I assume that the JAC is the previous version of their current IEV5 (which is the HFC7001AEV). Auto-CHE.com has a page of information about a bunch of variants ("batches") with links to more detailed pages for each of them. I suppose you already had that...

The Wikipedia article for JAC says they assembled Mitsubishi vehicles at one time, so it seem reasonable to guess that this car is largely a copy of some Mitsubishi model... although this might not matter since those would be the parts which you will not be using.


----------



## brian_ (Feb 7, 2017)

Perhaps most importantly, there are just empty spaces where the text suggests that there are supposed to be images. 

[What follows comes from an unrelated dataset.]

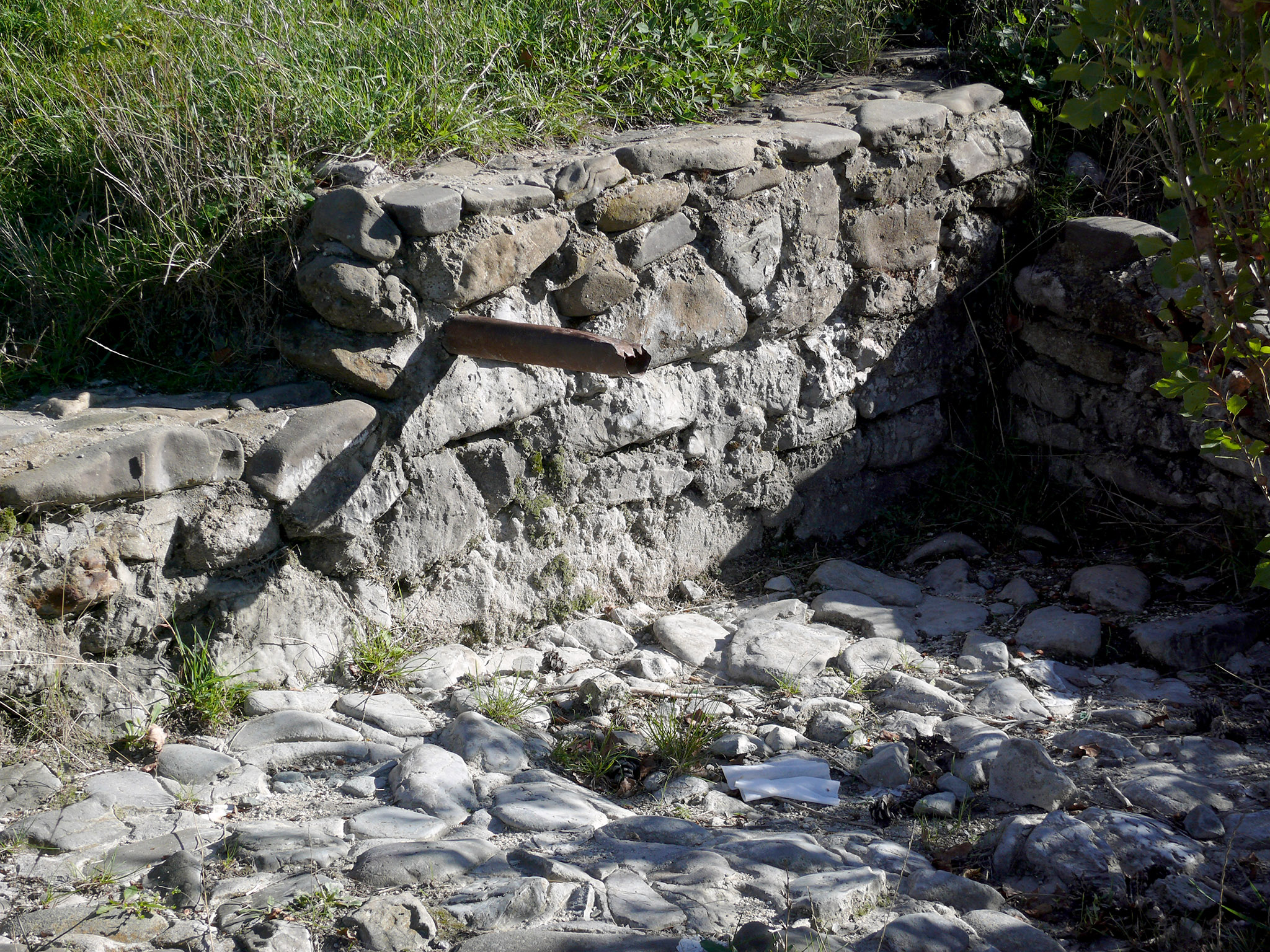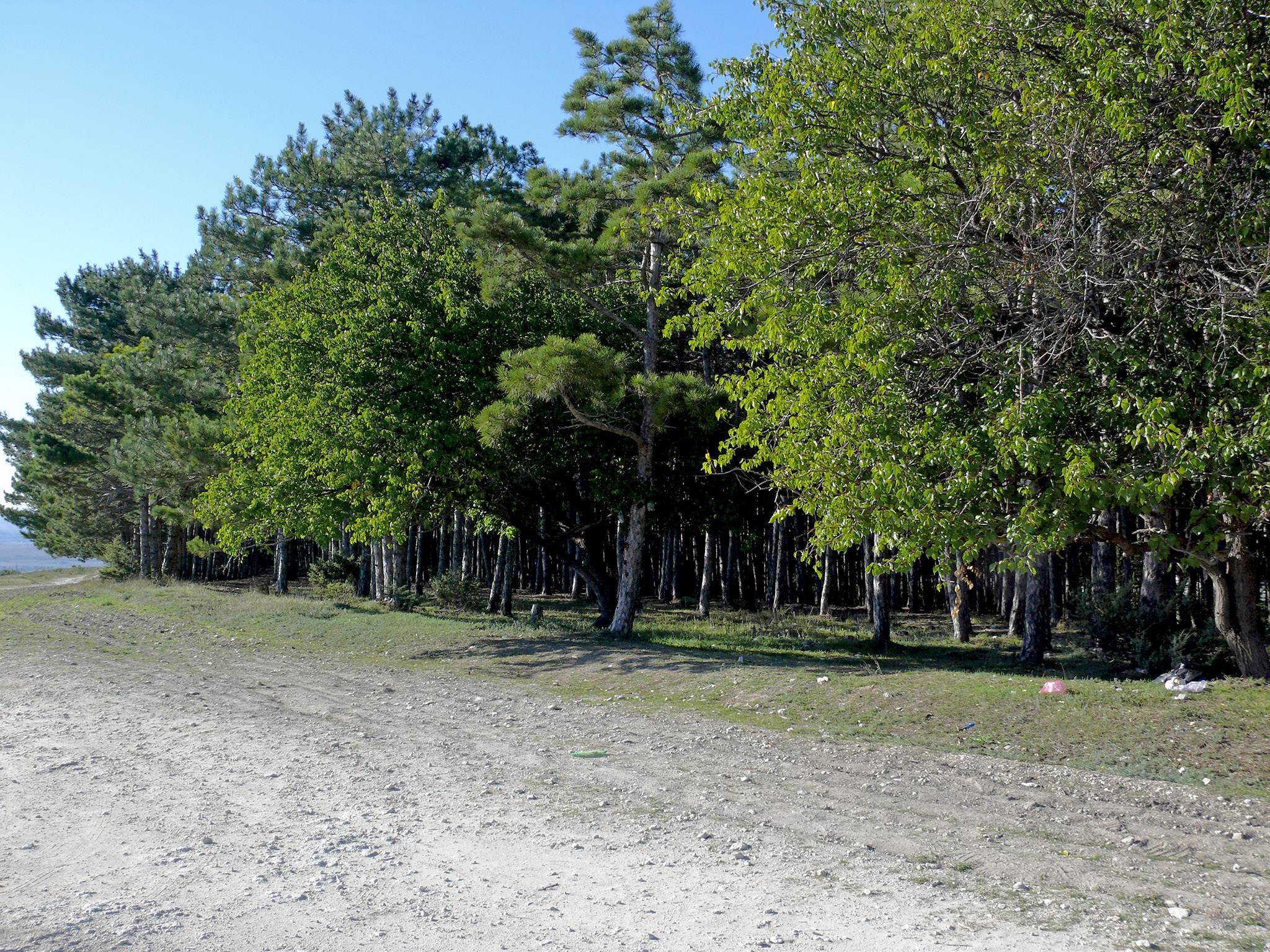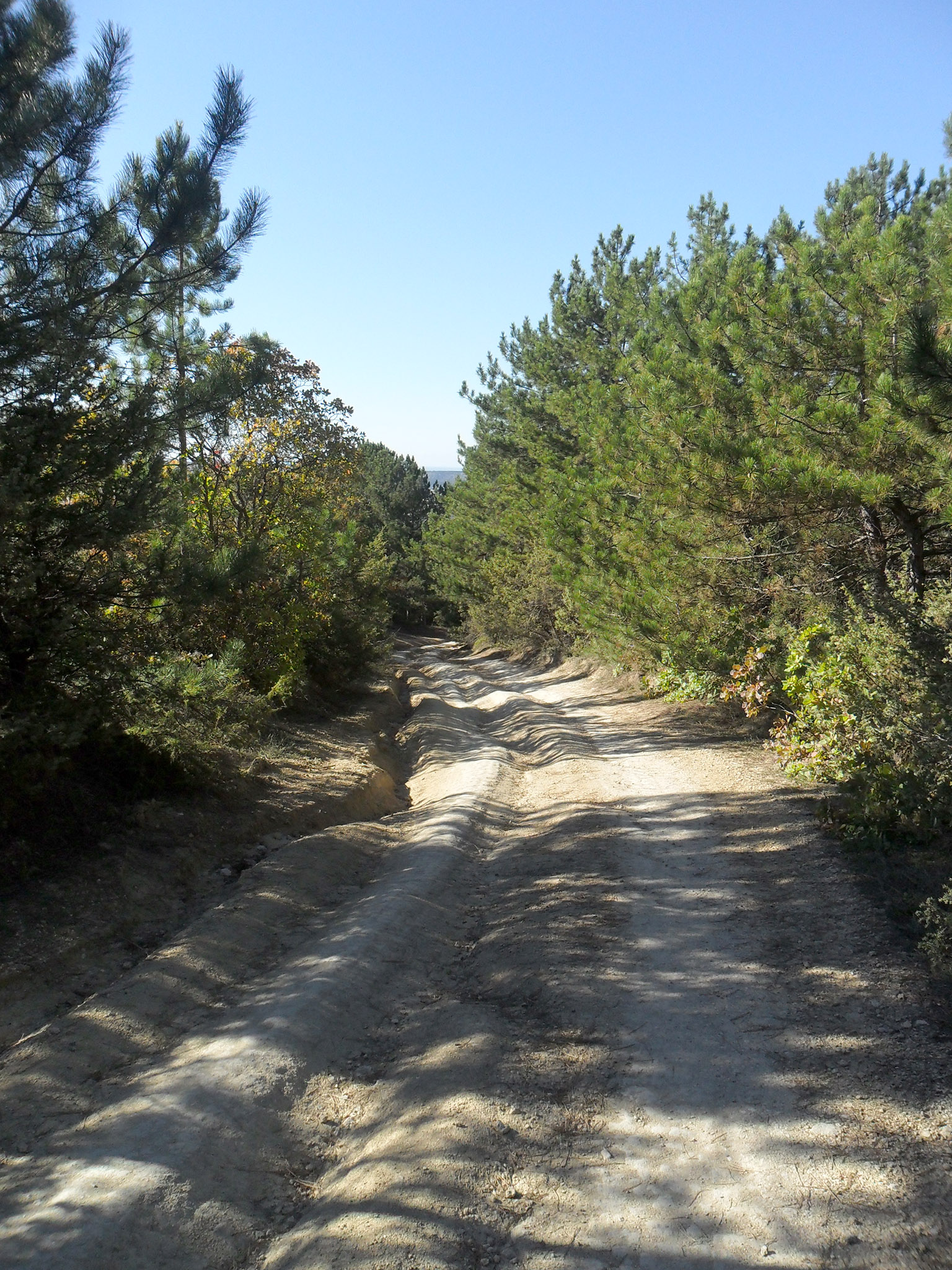 Последние сто метров перед перевалом были особенно трудны: даже идти приходилось с остановками (фото 18). А ведь сегодня надо на Алимову балку залезть. Но вот, наконец, подъём закончился, я подъехал к Юсуф-Чокраку, но родник был сух, то есть абсолютно, ни малейшего признака воды (фото 19). Стоянка довольно обширная, есть столики, скамейки, но повсюду мусор и грязь, я бы здесь останавливаться не стал. И даже задерживаться здесь не имело смысла, и, после глотка вина, я развернулся и проследовал к скалам у балки Первой (странное название).

_Update_: I copied the URL for one of the images to a separate window, got a security warning from my browser (Chrome), told it to go ahead and risk problems, and now I see the images.


----------



## brian_ (Feb 7, 2017)

Harmon20 said:


> Maybe even this doodad:
> 
> 
> 
> ...


The marking appears to say "GPS GSM CAN"... so a combined GPS receiver and mobile data (the old GSM standard) transceiver, communicating with the rest of the car on the CAN network?


----------



## brian_ (Feb 7, 2017)

Harmon20 said:


> I think this is the onboard charger:


Presumably, based on the markings, that's the DC-to-DC converter, with 200+ VDC input.


----------



## Harmon20 (Oct 5, 2017)

brian_ said:


> Auto-CHE.com has a page of information about a bunch of variants ("batches") with links to more detailed pages for each of them. I suppose you already had that...


Yes, I had looked over that site I was, by far, the most informative of any site I'd found but it didn't make things any clearer for me at the time.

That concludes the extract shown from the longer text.